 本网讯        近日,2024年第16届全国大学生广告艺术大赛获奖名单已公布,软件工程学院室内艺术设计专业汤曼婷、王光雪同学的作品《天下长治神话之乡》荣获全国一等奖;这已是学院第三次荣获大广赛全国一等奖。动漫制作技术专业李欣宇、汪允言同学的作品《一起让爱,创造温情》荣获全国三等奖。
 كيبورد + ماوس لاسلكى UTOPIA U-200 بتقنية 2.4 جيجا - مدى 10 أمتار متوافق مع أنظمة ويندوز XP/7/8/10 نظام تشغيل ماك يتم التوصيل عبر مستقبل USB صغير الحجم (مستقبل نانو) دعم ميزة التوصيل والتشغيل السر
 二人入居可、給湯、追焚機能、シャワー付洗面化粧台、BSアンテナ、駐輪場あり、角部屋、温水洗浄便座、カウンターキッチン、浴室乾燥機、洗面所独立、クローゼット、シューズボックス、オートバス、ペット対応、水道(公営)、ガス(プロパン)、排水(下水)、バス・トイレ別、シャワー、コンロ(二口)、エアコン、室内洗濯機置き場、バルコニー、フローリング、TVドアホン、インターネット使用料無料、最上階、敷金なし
--
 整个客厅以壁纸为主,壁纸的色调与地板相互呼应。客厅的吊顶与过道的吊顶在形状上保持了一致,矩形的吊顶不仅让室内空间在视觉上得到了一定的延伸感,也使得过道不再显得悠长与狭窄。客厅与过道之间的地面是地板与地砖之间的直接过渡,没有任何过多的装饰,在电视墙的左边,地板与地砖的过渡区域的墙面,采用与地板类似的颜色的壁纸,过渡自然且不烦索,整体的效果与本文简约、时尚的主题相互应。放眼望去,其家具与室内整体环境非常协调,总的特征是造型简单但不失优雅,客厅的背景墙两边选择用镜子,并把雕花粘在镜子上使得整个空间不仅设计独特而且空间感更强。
---
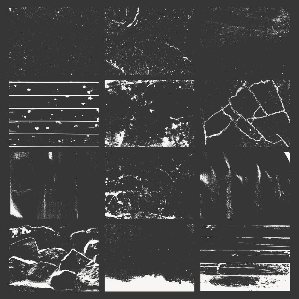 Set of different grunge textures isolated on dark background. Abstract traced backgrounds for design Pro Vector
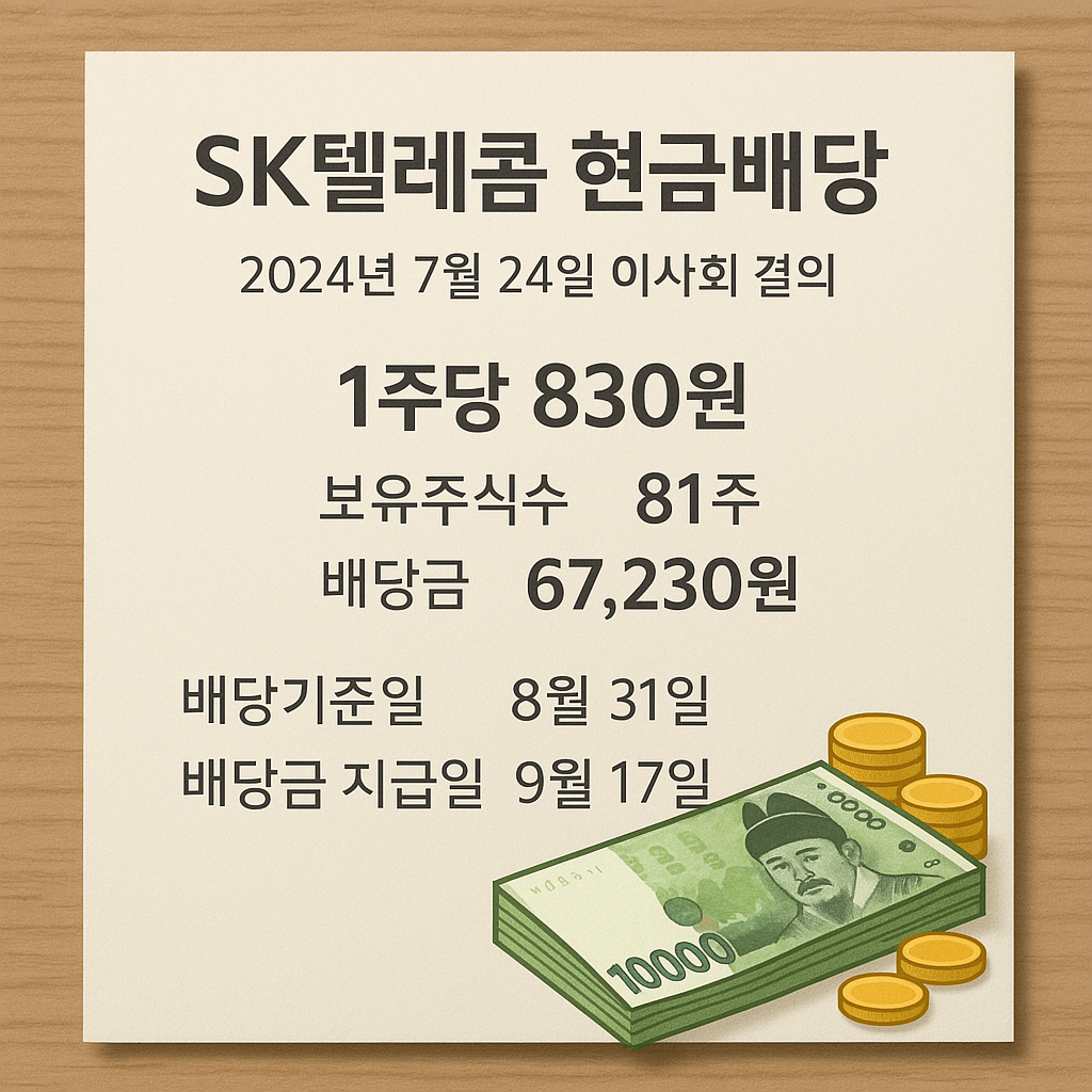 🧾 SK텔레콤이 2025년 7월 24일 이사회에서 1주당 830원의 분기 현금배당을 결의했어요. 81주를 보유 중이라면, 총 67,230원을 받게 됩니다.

> Aim of the task:
Above are the records. Copy word for word only their lines from the one holding "Set of different" through the one holding "67,230원을 받게 됩니다.", both included, and skip the images.

> Output below:
 Set of different grunge textures isolated on dark background. Abstract traced backgrounds for design Pro Vector
 🧾 SK텔레콤이 2025년 7월 24일 이사회에서 1주당 830원의 분기 현금배당을 결의했어요. 81주를 보유 중이라면, 총 67,230원을 받게 됩니다.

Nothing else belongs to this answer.